TASK OBJECTIVE: Once the line holding "I am frail: wobbly" is written out, stop; begin at the first line of the material below and retype exactly, dropping pictures.

MATERIAL TO PROCESS:
· · ·
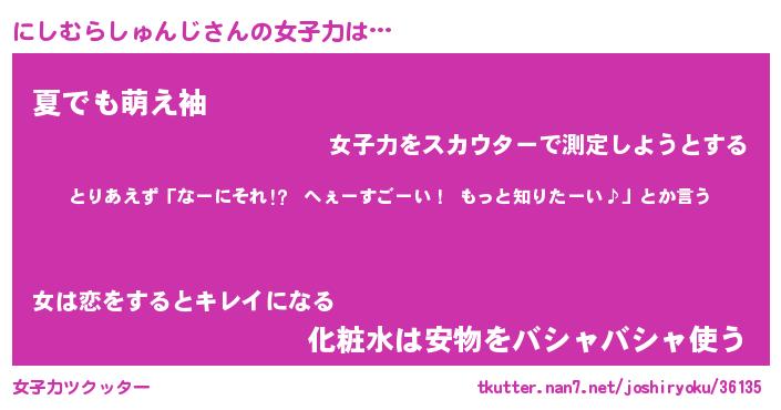 | 肩書あだ名 | 『にしむらしゅんじ御曹司』 |
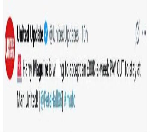 但據其報道,如果馬奎爾愿意接受大幅降薪,每周少拿約8萬英鎊,并同意俱樂部新約的其他條件,就仍有可能留在球隊。在報道中,英媒所說的是:if the England international is willing to take a substantial pay cut of about £80,000 a week,而社媒忽略了「if」的假設前提,并且將每周降薪8萬英鎊誤解為「降薪至8萬英鎊」。
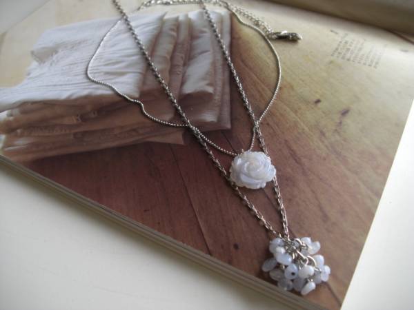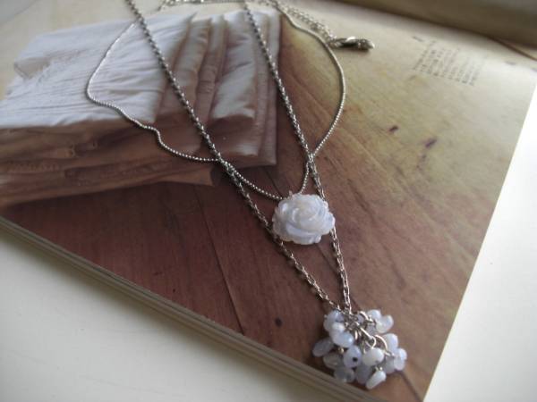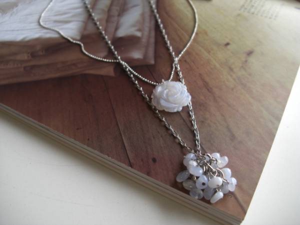 ロゼッタの宝石箱・・シリーズです♪アンニュイな水色・・繊細なブルーカルセドニーのネックレス2点セットです♪ミニタンブルや薔薇のブルーカルセドニーは淡い水色が可憐な表情です♪6ミリ位のミニタンブルのカルセドニーは小さなブーケのように集めてデザインチェーンを合わせました♪長さは73センチ+アジャスター12センチ位で最長85センチ位です♪20ミリ位の薔薇のカルセドニーには華奢なボールチェーンを合わせました♪長さは45センチ+アジャスター10センチで最長55センチ位です♪それぞれ単品やブレスレットやピアスも出品しています♪シンプルで長く着けていただけるデザインを考えて作りました!ハンドメイドをご理解頂いてノークレーム、ノーリターンでお願いします
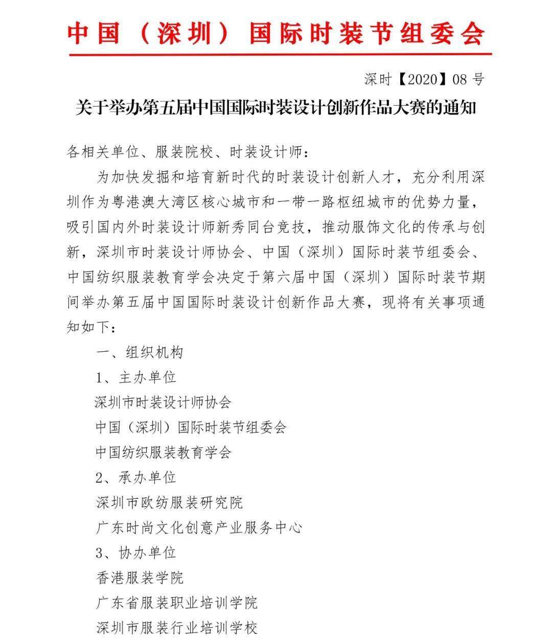 為加快發(fā)據(jù)和培育新時代的時裝設(shè)計創(chuàng)新人才,充分利用深圳作為粵港澳大灣區(qū)核心城市和一帶一路樞紐城市的優(yōu)勢力量,吸引國內(nèi)外時裝設(shè)計師新秀同臺競技,推動服飾文化的傳承與創(chuàng)新,深圳市時裝設(shè)計師協(xié)會、中國(深圳)國際時裝節(jié)組委會、中國紡織服裝教育學(xué)會決定于第六屆中國(深圳)國際時裝節(jié)期間舉辦第五屆中國國際時裝設(shè)計創(chuàng)新作品大賽,現(xiàn)將有關(guān)事項通知如下:
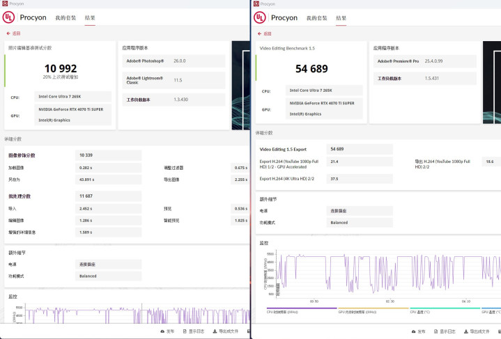 UL Procyon基准性能测试套件,实测照片编辑基准测试项目中的成绩为10992分,在视频编辑测试项目中(开启GPU加速)的成绩为54689分。
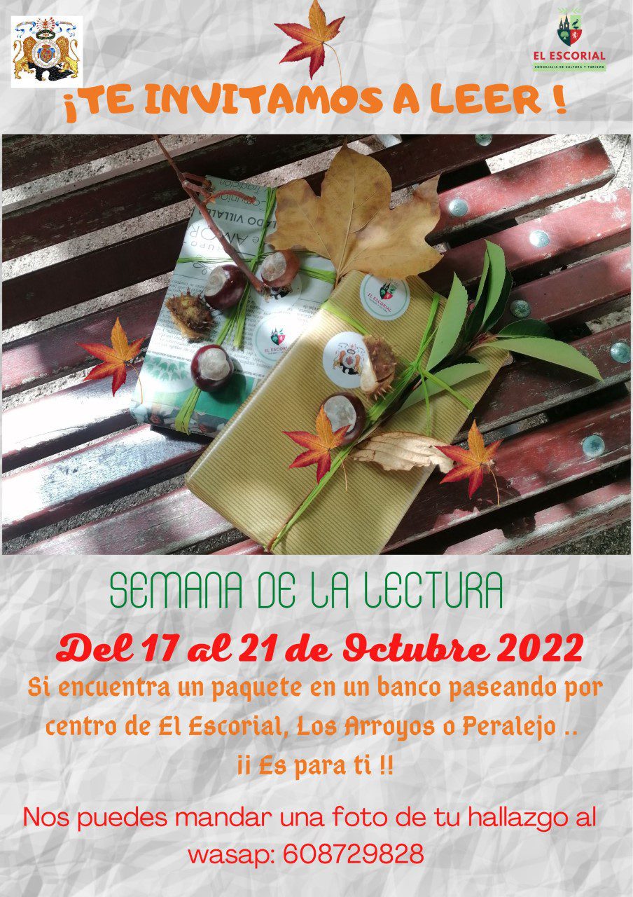 La Concejalía de Cultura lanza la campaña “Te invitamos a leer”. Del 17 al 21 de octubre se depositarán libros y cuentos infantiles en los parques y avenidas de El Escorial, Los Arroyos y Peralejo.
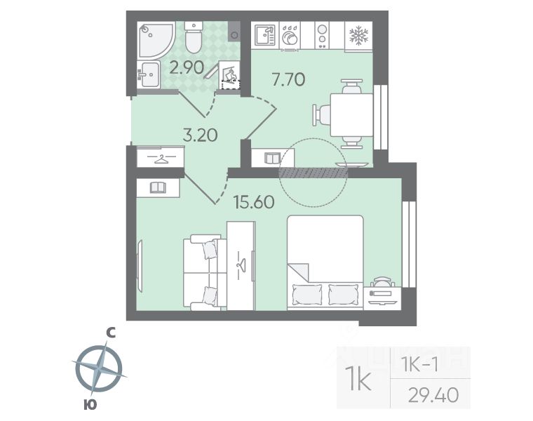 Продается 1-комнатная квартира в ЖК "Цветной город" на 2 этаже. Общая площадь составляет 29.40 кв. м. Квартира с чистовой отделкой  Срок сдачи дома: 3 квартал 2026. Жилой комплекс "Цветной город" располагается по адресу Санкт-Петербург, Красногвардейский.
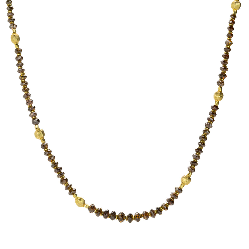 Bask in the beaded bliss of this dazzling 18k yellow gold necklace from Barbara Heinrich. Natural faceted brown diamond beads totaling 24.30cttw are interspersed with round gold station spacers and tiny jump rings. This artistically arranged piece is subtle, yet full of sparkle! Total length measures 16 1/2” with a 1" extension chain. Handcrafted in Rochester, NY, U.S.
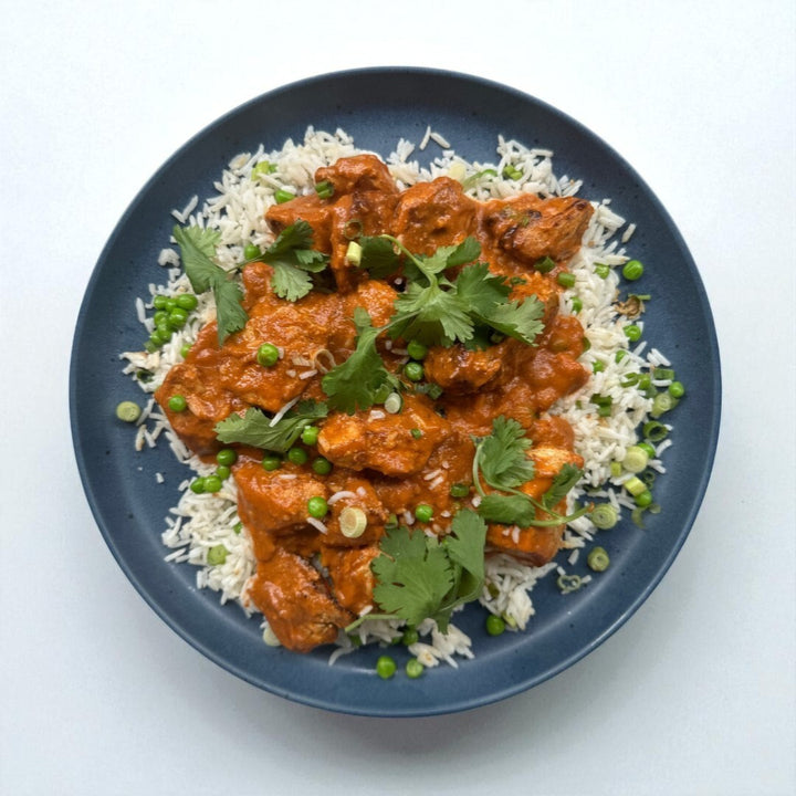 Our recreation of this classic Indian dish we love to order at restaurants: chicken thigh and breast braised in a fragrant tomato sauce with peas, garam masala, turmeric, and fenugreek, finished with Greek yogurt and served over basmati rice.
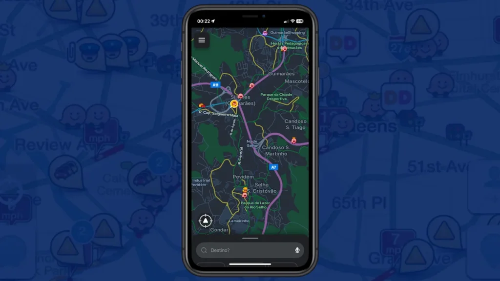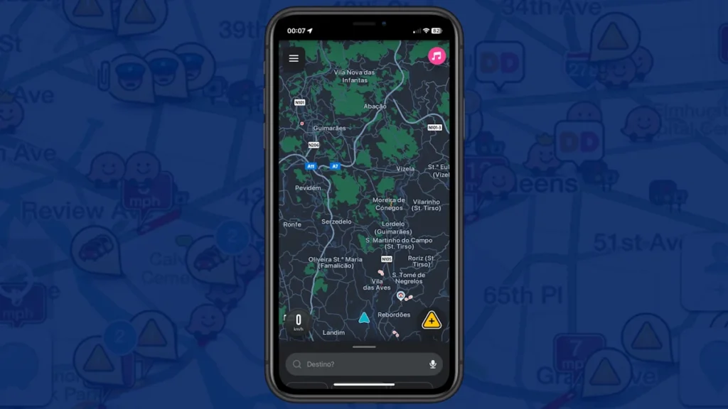 O ecrã inicial do Waze apresenta vários ícones que tornam a navegação mais simples e interativa:
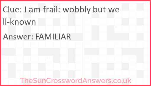 I am frail: wobbly but well-known is a crossword clue for which we have 1 possible answer and we have spotted 1 times in our database. This crossword clue was last seen on 28 June 2021 in The Sun Cryptic Crossword puzzle!
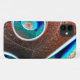 A arte digital abstrato assemelha-se a uma superfície brilhante 3D de cobre martelado com buracos perfurados até um plano azul de azure de existência... Ou algo assim. Deixe sua mente vagar...
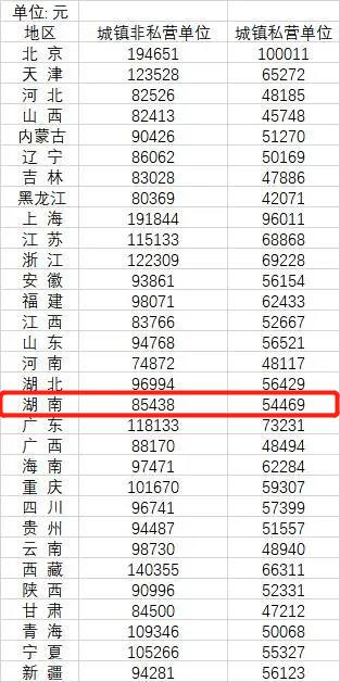 湖南省非私营单位、私营单位平均工资数据
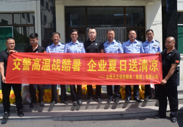公司慰問人員對一線執(zhí)勤民警在高溫酷暑中堅守崗位,無私奉獻,全力保障市區(qū)道路安全暢通的工作精神表示由衷欽佩,各交警部門負責人對山西大正保安服務(集團)有限公司對交警部門工作的支持與配合表示感謝,表示將會立足本職,堅守崗位,為人民群眾的生命財產(chǎn)安全保駕護航,為城區(qū)道路的和諧穩(wěn)定貢獻自己的力量。
· · ·
RESPONSE TO THE TASK:
 | 肩書あだ名 | 『にしむらしゅんじ御曹司』 |
 但據其報道,如果馬奎爾愿意接受大幅降薪,每周少拿約8萬英鎊,并同意俱樂部新約的其他條件,就仍有可能留在球隊。在報道中,英媒所說的是:if the England international is willing to take a substantial pay cut of about £80,000 a week,而社媒忽略了「if」的假設前提,并且將每周降薪8萬英鎊誤解為「降薪至8萬英鎊」。
 ロゼッタの宝石箱・・シリーズです♪アンニュイな水色・・繊細なブルーカルセドニーのネックレス2点セットです♪ミニタンブルや薔薇のブルーカルセドニーは淡い水色が可憐な表情です♪6ミリ位のミニタンブルのカルセドニーは小さなブーケのように集めてデザインチェーンを合わせました♪長さは73センチ+アジャスター12センチ位で最長85センチ位です♪20ミリ位の薔薇のカルセドニーには華奢なボールチェーンを合わせました♪長さは45センチ+アジャスター10センチで最長55センチ位です♪それぞれ単品やブレスレットやピアスも出品しています♪シンプルで長く着けていただけるデザインを考えて作りました!ハンドメイドをご理解頂いてノークレーム、ノーリターンでお願いします
 為加快發(fā)據(jù)和培育新時代的時裝設(shè)計創(chuàng)新人才,充分利用深圳作為粵港澳大灣區(qū)核心城市和一帶一路樞紐城市的優(yōu)勢力量,吸引國內(nèi)外時裝設(shè)計師新秀同臺競技,推動服飾文化的傳承與創(chuàng)新,深圳市時裝設(shè)計師協(xié)會、中國(深圳)國際時裝節(jié)組委會、中國紡織服裝教育學(xué)會決定于第六屆中國(深圳)國際時裝節(jié)期間舉辦第五屆中國國際時裝設(shè)計創(chuàng)新作品大賽,現(xiàn)將有關(guān)事項通知如下:
 UL Procyon基准性能测试套件,实测照片编辑基准测试项目中的成绩为10992分,在视频编辑测试项目中(开启GPU加速)的成绩为54689分。
 La Concejalía de Cultura lanza la campaña “Te invitamos a leer”. Del 17 al 21 de octubre se depositarán libros y cuentos infantiles en los parques y avenidas de El Escorial, Los Arroyos y Peralejo.
 Продается 1-комнатная квартира в ЖК "Цветной город" на 2 этаже. Общая площадь составляет 29.40 кв. м. Квартира с чистовой отделкой  Срок сдачи дома: 3 квартал 2026. Жилой комплекс "Цветной город" располагается по адресу Санкт-Петербург, Красногвардейский.
 Bask in the beaded bliss of this dazzling 18k yellow gold necklace from Barbara Heinrich. Natural faceted brown diamond beads totaling 24.30cttw are interspersed with round gold station spacers and tiny jump rings. This artistically arranged piece is subtle, yet full of sparkle! Total length measures 16 1/2” with a 1" extension chain. Handcrafted in Rochester, NY, U.S.
 Our recreation of this classic Indian dish we love to order at restaurants: chicken thigh and breast braised in a fragrant tomato sauce with peas, garam masala, turmeric, and fenugreek, finished with Greek yogurt and served over basmati rice.
 O ecrã inicial do Waze apresenta vários ícones que tornam a navegação mais simples e interativa:
 I am frail: wobbly but well-known is a crossword clue for which we have 1 possible answer and we have spotted 1 times in our database. This crossword clue was last seen on 28 June 2021 in The Sun Cryptic Crossword puzzle!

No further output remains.